Now, let’s start thinking like economists, GOOG mostly applies business activities on an industrial scale — if we look at the oil drilling business, the railway transport business, massive amount of capital outlay, it’s about efficiency, it’s about applying capital at scale. GOOG is not a startup, it has predictable cash flow, it can support exploratory activities like Google X, like Waymo, that balloon internet article is an example.

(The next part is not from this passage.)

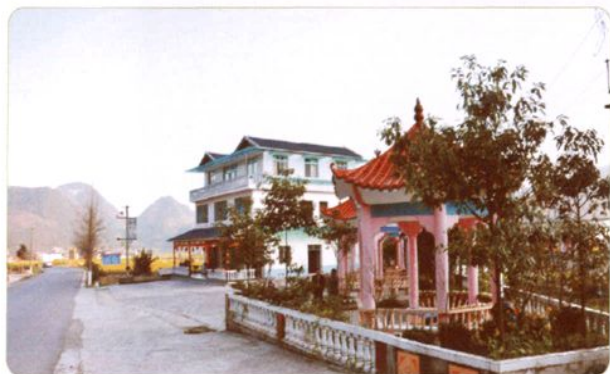
遵义县板桥镇民居

But then, there are rocket startups, whose SKUs are $5M per item https://youtu.be/jKvZPpdGjiM?t=15m25s so maybe startups can also be capital intensive?

Larger companies are able to have a multi-year strategic outlook, in terms of tech, or market readiness: https://youtu.be/1QztwBzcVaw Just try to search on LinkedIn, and you’ll see for a single department, say Amazon Alexa, and just count the recruiters, they have 100s! Most startups play at the levels of a KickStarter campaign, but how many failed devices just like Echo you’ve never heard of? To take a historical materialistic point of view, it’s the larger underlying economic trends that have more explanatory power: https://youtu.be/bNpx7gpSqbY more so than the people, and definitely their ideas.

The better question is to ask “How do new startups in Finland or Europe compete with GOOG or AMZN”?